Boardgame: Expressing preferences and opinions #ELTgame

Expressing preferences and opinions boardgame prototype


It’s been a while since I created any game.. and I so missed it. I enjoy the creation process very much, but what I love the most is playtesting time. When students have a chance to play it and add their own suggestions to the game. Last week, I came up with a boardgame for students to practice expressing preferences and opinions.

The game had a race to the end dynamic and was a turn-based game. The core mechanics were quite simple. Players placed their avatars at the beginning of the track. They decided who was going to be the first to roll the dice. Then, the player that rolled the green dice moved their piece on the track and asked a question to any other player in the game. If the player who had been asked for the opinion/preference justified their opinion/preference well, they were rewarded with the chance to move on the board faster by rolling the red dice.

If any student used L1, the punishment was to go back one slot. 

giving opinion game

My A1-A2 teens playing the game 

To the board itself, it was added the language structures needed to ask and answer. The game could be played only by having a track drawn on a large piece of paper, couple of dices and avatar piece to represent the player. However, cards were added to the game. The cards also contained hidden mechanics that could mess with their game.

Players will draw cards and the question structure they will have to use depend on the number of options the card has. 

Cards with two options: SUMMER or WINTER => Would you rather …………..? / Would you prefer to………….? Do you prefer………..?

Cards with one option: NETFLIX => What do you think about …………….? What do you think of……………….? What’s your opinion about ……..?
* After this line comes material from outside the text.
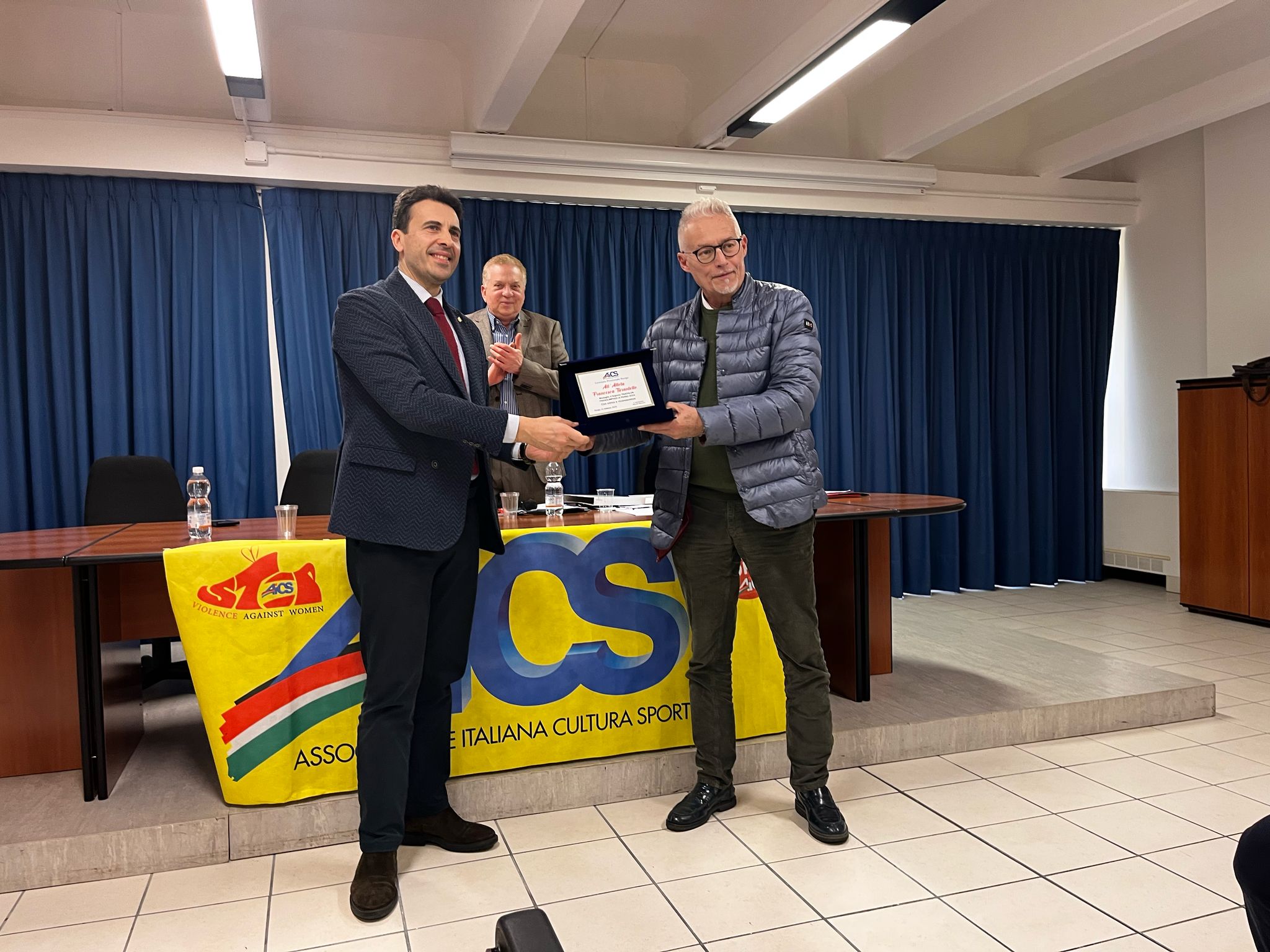 L’Assessore ha poi premiato due campioni Aics che si sono distinti l’anno scorso: Francesca Tarantello, 23 anni, medaglia d’argento di Triathlon alle Paralimpiadi di Parigi e Maurizio Marchetti, doppio titolo ai Campionati italiani Aics Indoor di atletica leggera ad Ancona.

The gameplay was a combination of chance and skill. In order to get a chance to roll the red dice and move towards the end of the track, those responding had to explain why, giving a more elaborated answer. The dice added the chance to move faster on the board, giving weaker players an advantage.

In addition to the option topic cards, there were also: go back 1 or 2 or 3 slots cards, lose a turn card, move forward 1 or 2 slots and Dance Macarena card (another teacher suggestion).

*This prototype was designed in 30 minutes or so. As I was trying to come up with the boardgame, I quickly ran my ideas through some colleagues in the teacher room, and their suggestions were really helpful. A big thank you to Juliana, Kelita and Mafalda. 

What do we need:

2 dices of different colors, a large piece of paper and pens to draw the track and add the Q&A structures as useful language, avatars to represent players and index cards (5×8) to write the options and other game mechanics (lose a turn, move forward, etc.). 

How to play:

Players will roll the question dice, move their avatar and draw a card.  If the card contain an option or two options, the player asks a question and choses another player to answer it. If they get another instruction, other than option(s) cards, they just follow the instruction of the card. 

The other player answers the question. If the answer is good enough, they get the response dice, roll it and move their avatar on the board. 

Whoever speaks in L1 go back one slot. 

The winner is whoever crosses the finish line first!

At the end of the gameplay, I asked students what they thought about the game: “Fun”, “Cool” and “I really liked it” were the words used to describe their experience. I have also asked them for suggestions on what we could change or add to the game mechanics. They gave some interesting ideas to redesign it.